August 3, 2007

Black Child Left Behind


People wonder why so many black children are failing in school and what the heck is wrong with the educational system. Well, a lot of things and this Supreme Court decision in June of this year reflects one of them which is that "diversity" has become an end in itself in our schools. It doesn't appear that anyone is really being critical about the issue and recognizing that the integration approach created when Brown vs. Board of Education was really about getting black kids into the better white schools they were denied entry to. This was the real point of the battle. Black kids were forced to attend poorly supplied and resourced schools and denied access to the well resourced and supplied schools of whites. I'm quite certain that Thurgood Marshall didn't think we needed to attend white schools because diversity was so wonderful. He fought to reverse the forced denial of education to our kids and get them in to better schools. That was the point then and it should be the point now.

But its not. Now, we fight tooth and nail for integration as an end in itself. TV debates in the wake of the decision were all cast as a fight about whether or not achieving diversity was a compelling interest. But we are missing the forest for the trees. We should be fighting to get our kids educated well, not whether or not they can attend a white school and achieving the latter does not assure the former. Its not a necessary fight in the modern age, because we can attend most any school if we can afford it or if we live in its attendance zone if its a public school.

But we are wasting time with diversity while our kids are falling further and further behind, refusing to face facts, one of them being that centralized public school systems lack the management and educational fire power to address the educational needs of urban populations stressed by a variety of socioeconomic conditions. Like the auto companies, they are saddled with legacy labor costs they cannot shed and union structures that are part of the problem, not the solution. These centralized bureaucratic systems are not nimble enough to deal with whats happening to our kids in and out of school. Furthermore, they are expensive and inefficient. We are spending two or three times what we should because these systems allocate their resources for education poorly and our money is not doing the work it should.

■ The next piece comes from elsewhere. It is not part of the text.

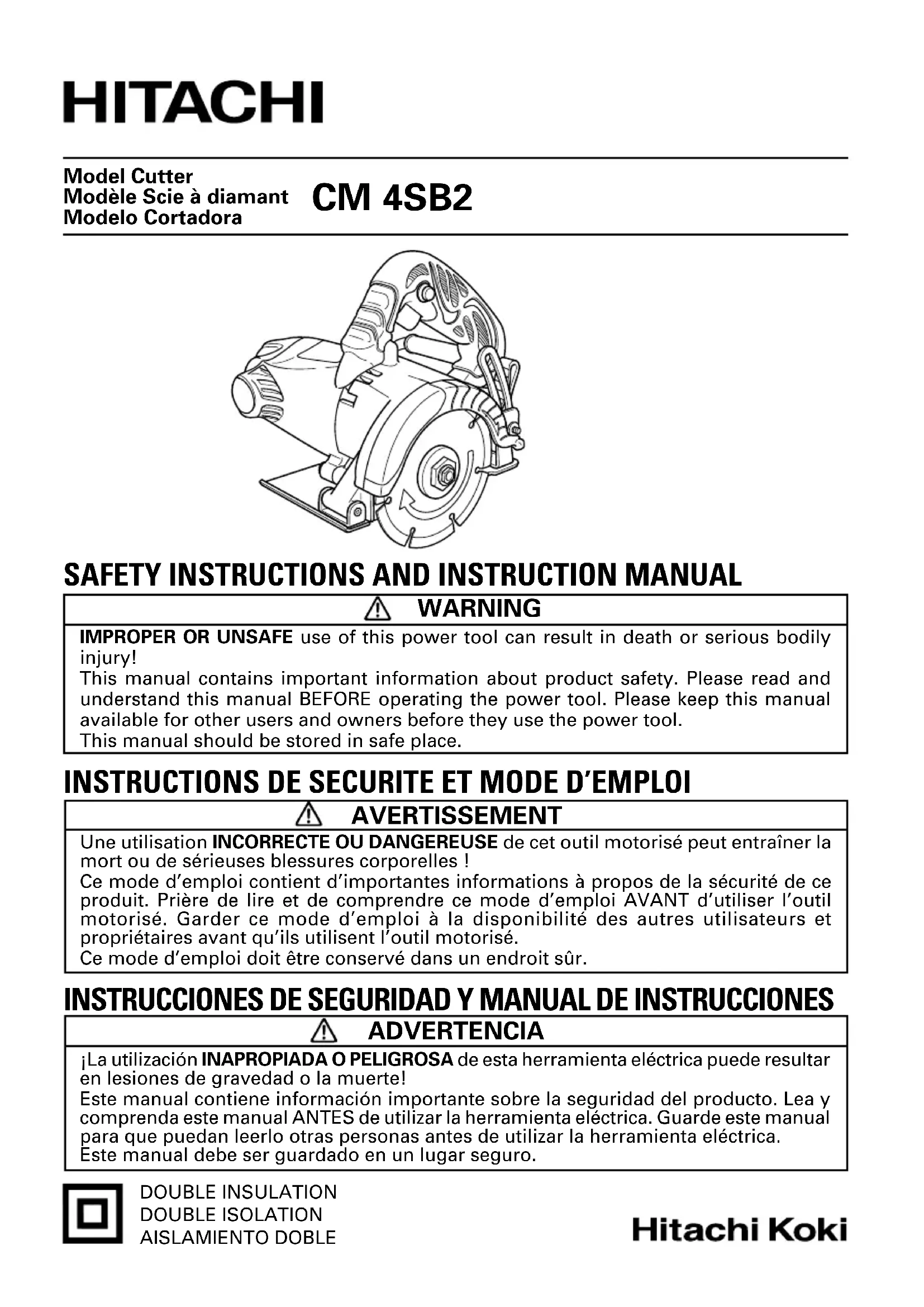 Téléchargez la notice de votre Scie au format PDF gratuitement ! Retrouvez votre notice CM4SB2 - HITACHI et reprennez votre appareil électronique en main. Sur cette page sont publiés tous les documents nécessaires à l'utilisation de votre appareil CM4SB2 de la marque HITACHI.

I'm not just long on critique. I've got a big gun answer - charter schools. Why are they the answer? Because they drive accountability for performance down to the school level, they are driven by market forces such that the good ones will thrive and the bad ones will fail, they are open to a variety of configurations and approaches and they do it all for about a third of what public schools do it for.

Lots of places in the US have charter schools, but there are only a few that get it right. The one that has the best system in place in my view is Indianapolis. Bart Peterson, the mayor of Indianapolis is the only mayor in the country currently with the power to charter schools. In nearly all big cities, Mayors are confronted with failing public school systems, but since they don't hire the superintendent and they are not on the school board, they have little ability to actually affect how school systems run. However, they have to deal with the consequences of a failing system such as aversion to homeownership investment and poor workforce preparation. Bart Peterson's response? He obtained the power to charter schools and has essentially built a school system for which he has the power to require accountability. Charter applicants must pass through a rigorous examination to obtain a charter and perform to standards in order to retain it.

Why are charters better? In my view, all of the accountability for performance is right at the school level. You don't have to mediate accountability for performance through superintendents and school boards. Charters must exercise care to serve the needs of their students and their families or lose their enrollment to another. Secondly, the charter approach permits tremendous variation in educational approach and philosophy. It is far more flexible in responding to the needs of students.

Sadly though, the charter approach is often hotly protested in the cities where its needed the most. We fight tooth and nail to preserve a public school system that consistently under performs for our kids, that promises to improve and rarely if ever does. We fight to preserve centralized bureaucratic school systems as though they have a right to exist, as though they are the only way to do education. I have conversations with people about education and they argue strenuously for more propping up of centralized bureaucratic education systems, but they are never very clear about why it can't be or should not be done any other way. Case in point Detroit. In 2003, Michigan millionaire and philanthropist Robert Thompson offered the city $200 million to build 15 Detroit charter high schools. His offer started a full scale war by the unions on the Mayor and the Governor and when the dust had cleared, Thompson had been run out of town along with his $200 million. Lest you think I'm just harshing on Detroit, I lived there for 8 years and I was around for that particular fiasco.

Education is an imperative for the African American community, but we are going to continue to lag in this area if we do not divorce ourselves from dependence on centralized bureaucratic public education systems in our urban centers. They don't work, have not worked for decades now. The charter approach, as exemplified by the Indianapolis model (which won a Harvard Innovation in Government award) should be speedily adopted by mayors of urban centers across the country. The black activists for education who fight to preserve these poor performing systems need to start championing what works, rather than what doesn't.